Comparative studies have shown that the “replacing old industries with new ones” initiative in old industrial parks and factory buildings typically begins in city centers where traditional industries are concentrated and where the need for renovation is most urgent.

Combining “standard land” with “new industrial land” may well yield a “1+1>2” effect.

For headquarters projects, such as the construction of headquarters office buildings and R&D centers, only commercial and service land can be used.

However, since commercial and service land is significantly more expensive than industrial land, it is very difficult for third- and fourth-tier cities to attract such headquarters projects.

"New-type industrial land" resolves the restrictions that industrial land imposes on the construction of office buildings, R&D centers, dormitories, and other structures, reducing costs while enhancing the flexibility of land use.

The organic integration of “standard land” and “new industrial land” further unlocks greater potential for plots with “附加” conditions.

Yantai has launched the nation’s first “New Industrial Standard Land (M0).” In addition to meeting standard requirements such as per-mu investment and planning design conditions, enterprises on this land must also satisfy two specific metrics: the proportion of R&D expenditure and the proportion of R&D personnel.

This further stimulates regional R&D and innovation, creating a synergistic “1+1>2” effect.

Securing the land is just the beginning

New industrial land represents an attempt at refined land management.

In the past, for industrial park developers, securing land meant they were already halfway to success; but with new industrial land, securing the land is just the beginning of the story...

I once saw a company representative who, after securing an M0 project in City M, admitted, “I don’t know how to proceed with investment promotion.”

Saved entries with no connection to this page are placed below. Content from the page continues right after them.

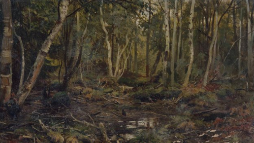Итак, картина первая. «Болото в лесу». 1880-е. Холст. масло. Елена рассказывает: «Болото в лесу – кладовая солнца! По сравнению с деревьями болота накапливают больше углерода, потому что деревья днем поглощают углекислый газ, а ночью частично его выделяют – дышат. Болото же, поглотив углерод, обратно его не отпускает, копит в себе торф под толщей воды...
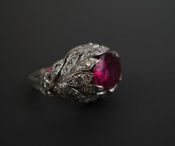 Bague en platine 850 millièmes, ornée au centre d'une tourmaline..
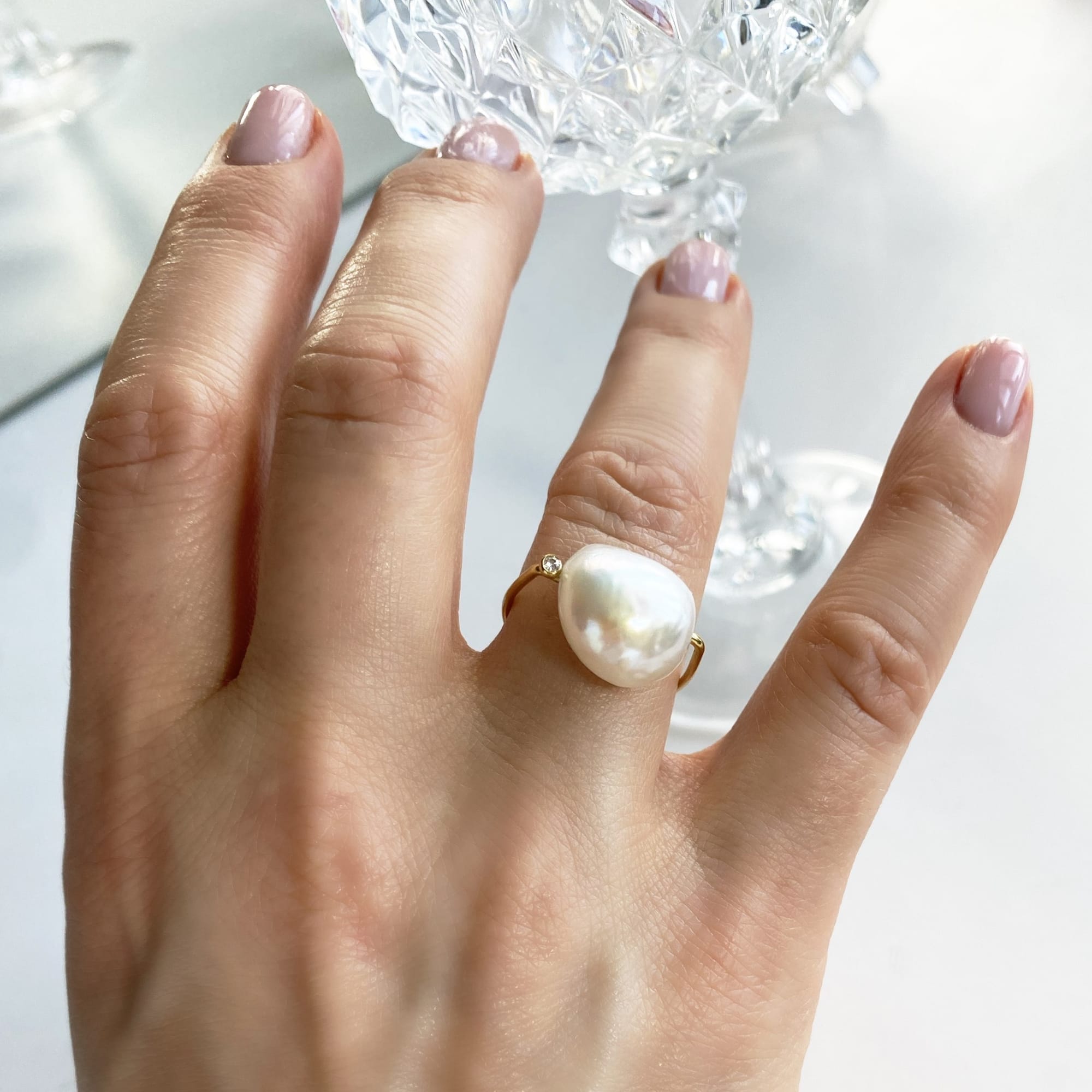 One of the most beloved pieces of jewellery in the gallery is the pearl and diamond ring designed by Dolly Boucoyannis. I also wear it every day, and I know I wanted it for many years before I even had the gallery. Did I convince you?
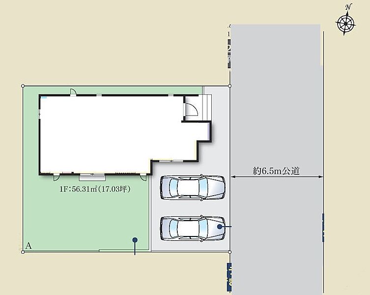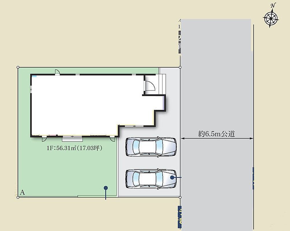 | 駐車場 | 2台 | 道路の幅員 | A号棟:東6.5m |
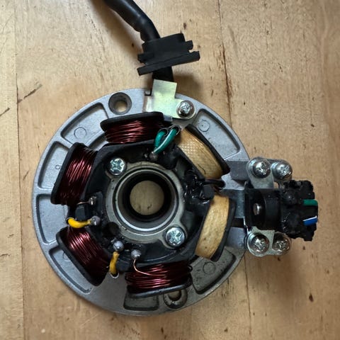 SR500 magneetto ja staattori. Aikanaan tarkistettu pyörässä kiinni, vaatii käämityksen.
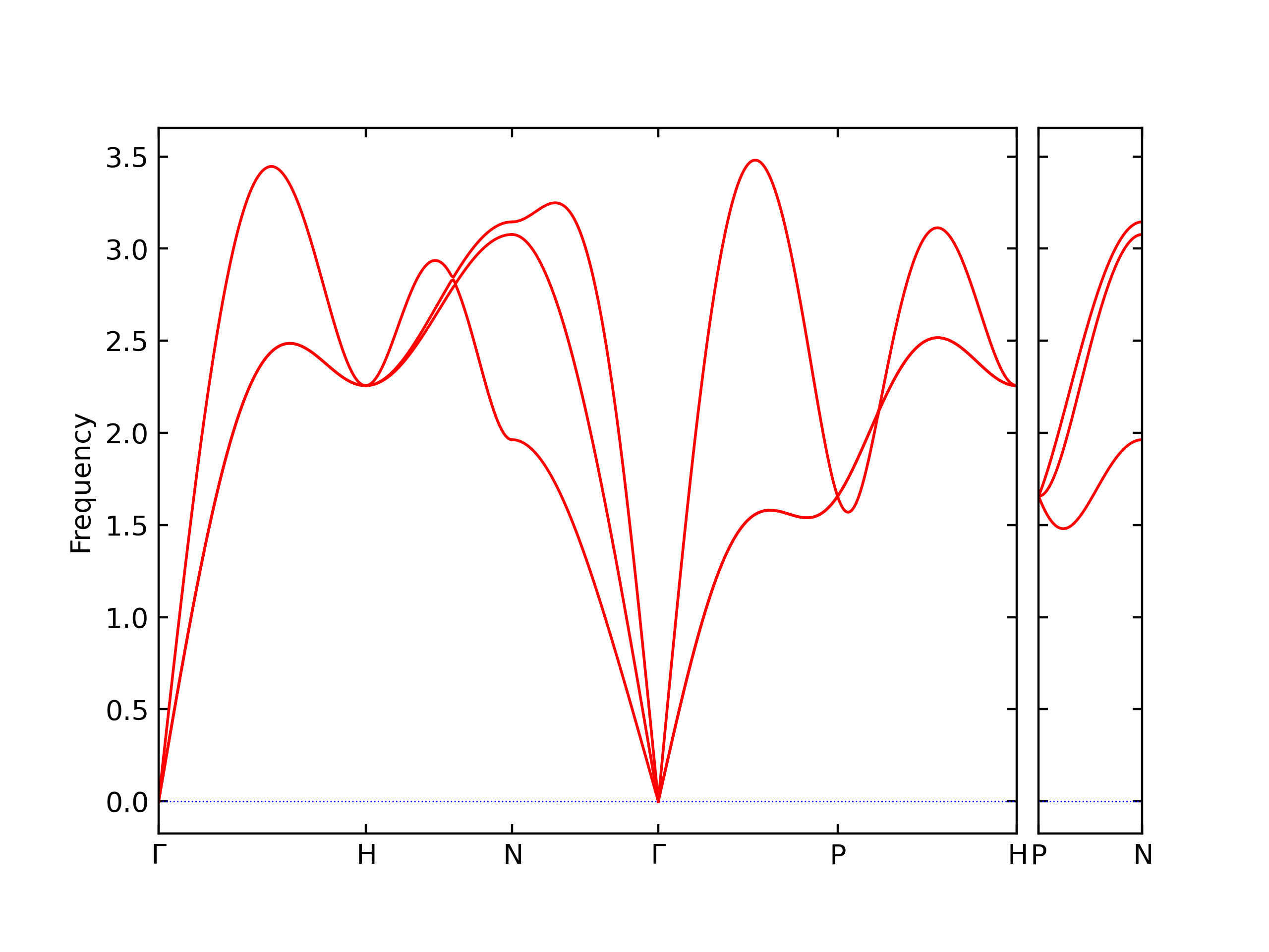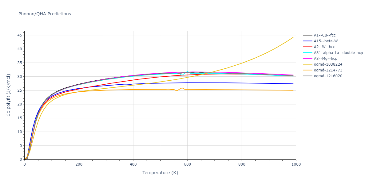 Phonon band structures and crystal properties estimated from quasi-harmonic approximation (QHA) calculations are displayed for select crystals. The calculations were performed using phonopy and LAMMPS. For the phonon calculations, 3x3 supercells of the potential-specific relaxed crystals were used. The QHA calculations were based on 11 strain states ranging from -0.05 to 0.05.
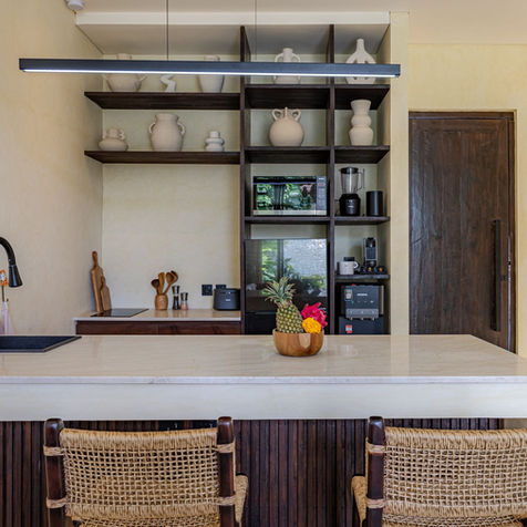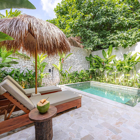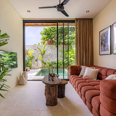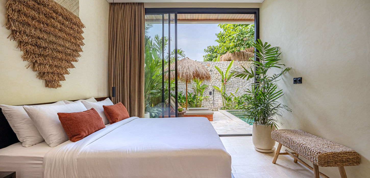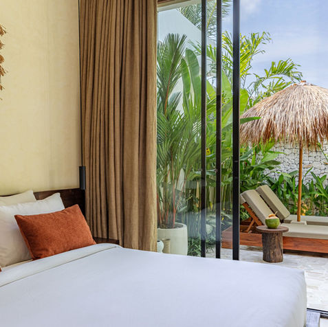 Open de grote glazen schuifdeuren en geniet onmiddellijk van de tropische tuin met comfortabele ligbedden en je eigen zwembad. Perfect voor vroege ochtenden, zonnige middagen of ontspannende avonden.
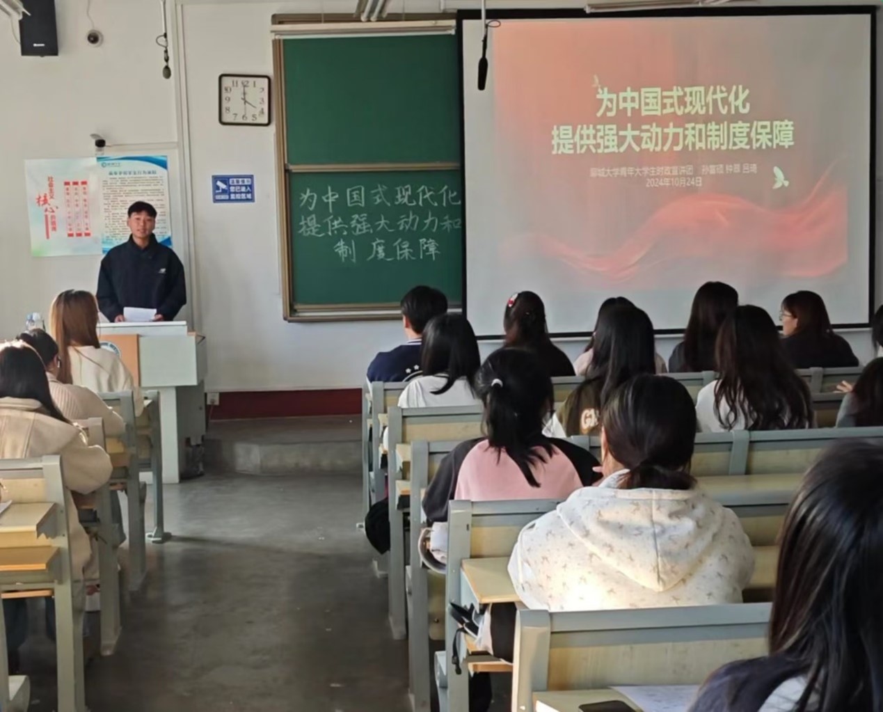 10月24日,公司青年学习会成员钟翠、孙富硕、吕琦到10号教学楼C520开展了题为《为中国式现代化提供强大动力和制度保障》的宣讲。
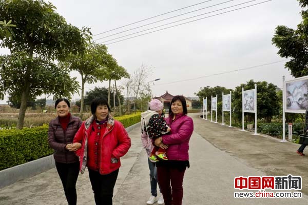 王老師(左)和她的好姐妹們在村里散步。中國網(wǎng)記者 金慧慧 攝

Indeed, to ensure industries take root and thrive, local governments enforce extremely strict oversight of new industrial land—from industry entry requirements to full lifecycle management.

For new industrial land, the investment promotion and operations following the development of the park present even more rigorous challenges.

Given the unique nature of new industrial land, many regions have targeted two specific groups for investment promotion.

One is the headquarters economy projects mentioned earlier, and the other is the R&D and headquarters of small and medium-sized enterprises.

It is not hard to understand that more favorable land prices are a key factor in attracting these two types of projects.

A new industrial land site in Shenzhen was initially positioned as a headquarters base for strategic emerging industries, primarily targeting SMEs.

Ultimately, 15 companies jointly bid for the land to construct headquarters office buildings, with R&D space accounting for 86% of the total area, and the remaining 14% allocated to supporting commercial facilities, canteens, and other amenities.

There are many such success stories in Shenzhen.

The preferential pricing of M0 land has helped Shenzhen retain a large number of local high-tech enterprises while also attracting high-quality companies from other regions to continuously establish operations there, achieving a high degree of industrial concentration.

This demonstrates that the significance of M0 extends beyond land policy; it also serves as a model of refined governance.